The data:
--- START ---
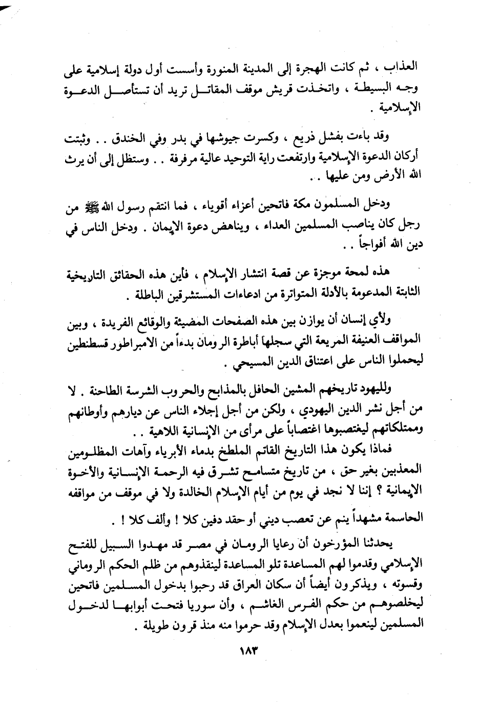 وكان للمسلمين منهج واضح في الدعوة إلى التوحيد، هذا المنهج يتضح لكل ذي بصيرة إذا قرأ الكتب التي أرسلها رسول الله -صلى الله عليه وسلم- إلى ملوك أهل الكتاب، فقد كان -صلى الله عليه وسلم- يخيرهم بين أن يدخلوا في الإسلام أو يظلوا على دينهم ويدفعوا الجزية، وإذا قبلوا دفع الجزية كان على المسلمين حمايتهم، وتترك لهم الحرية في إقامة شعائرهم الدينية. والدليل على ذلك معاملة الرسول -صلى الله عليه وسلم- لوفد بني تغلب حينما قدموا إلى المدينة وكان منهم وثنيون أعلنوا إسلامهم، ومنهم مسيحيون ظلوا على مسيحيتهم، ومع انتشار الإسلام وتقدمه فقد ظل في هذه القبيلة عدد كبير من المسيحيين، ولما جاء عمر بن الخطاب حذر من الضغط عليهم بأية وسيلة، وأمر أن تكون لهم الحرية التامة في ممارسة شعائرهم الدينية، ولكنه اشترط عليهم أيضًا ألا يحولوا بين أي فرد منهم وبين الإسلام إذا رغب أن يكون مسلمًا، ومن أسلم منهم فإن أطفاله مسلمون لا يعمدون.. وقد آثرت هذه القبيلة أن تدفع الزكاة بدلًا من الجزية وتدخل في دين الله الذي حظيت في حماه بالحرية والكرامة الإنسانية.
--- END ---
--- START ---
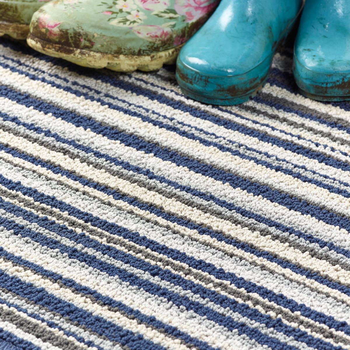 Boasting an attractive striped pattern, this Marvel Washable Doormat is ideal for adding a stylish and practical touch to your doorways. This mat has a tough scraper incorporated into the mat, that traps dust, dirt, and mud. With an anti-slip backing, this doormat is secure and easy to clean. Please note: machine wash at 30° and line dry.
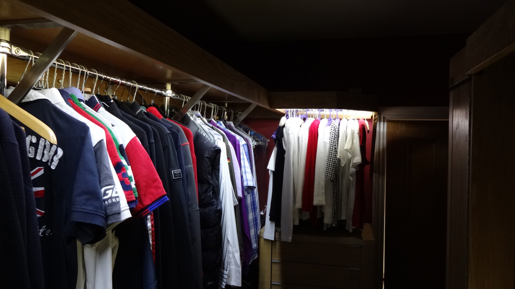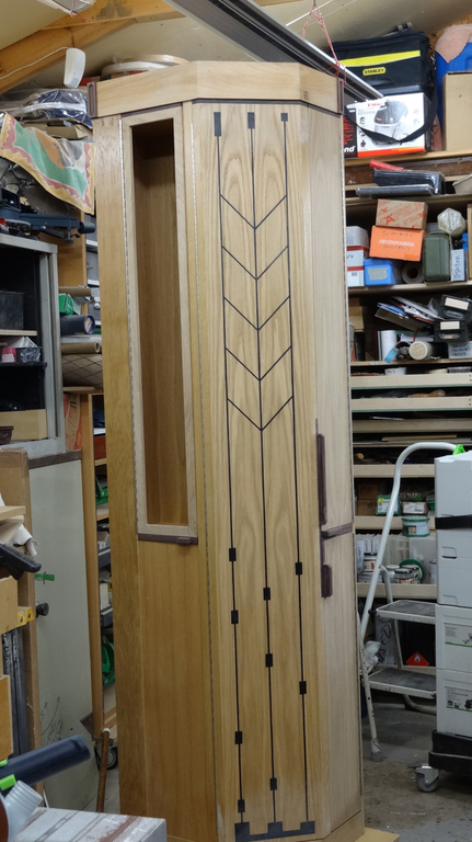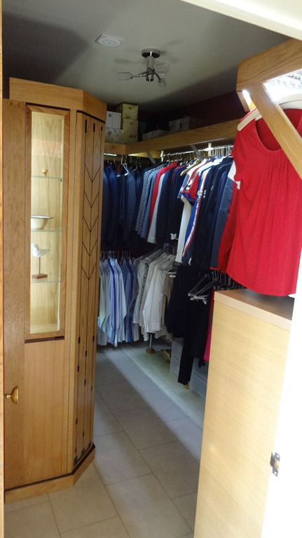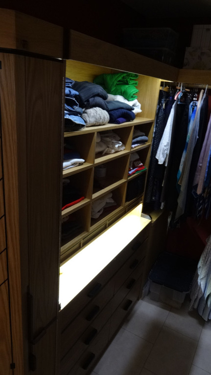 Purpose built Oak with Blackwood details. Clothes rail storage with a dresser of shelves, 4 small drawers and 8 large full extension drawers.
--- END ---
--- START ---
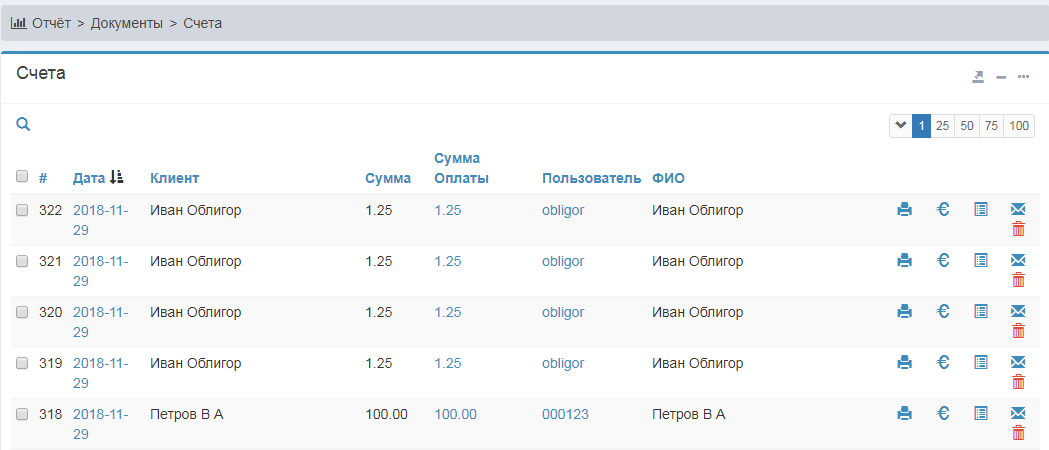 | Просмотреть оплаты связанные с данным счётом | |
--- END ---
Prompt: Reproduce exactly the lines above starting at the line containing "Boasting an attractive" and ending at the line containing "Purpose built Oak", including both, but not the pictures.

Expected answer:
 Boasting an attractive striped pattern, this Marvel Washable Doormat is ideal for adding a stylish and practical touch to your doorways. This mat has a tough scraper incorporated into the mat, that traps dust, dirt, and mud. With an anti-slip backing, this doormat is secure and easy to clean. Please note: machine wash at 30° and line dry.
 Purpose built Oak with Blackwood details. Clothes rail storage with a dresser of shelves, 4 small drawers and 8 large full extension drawers.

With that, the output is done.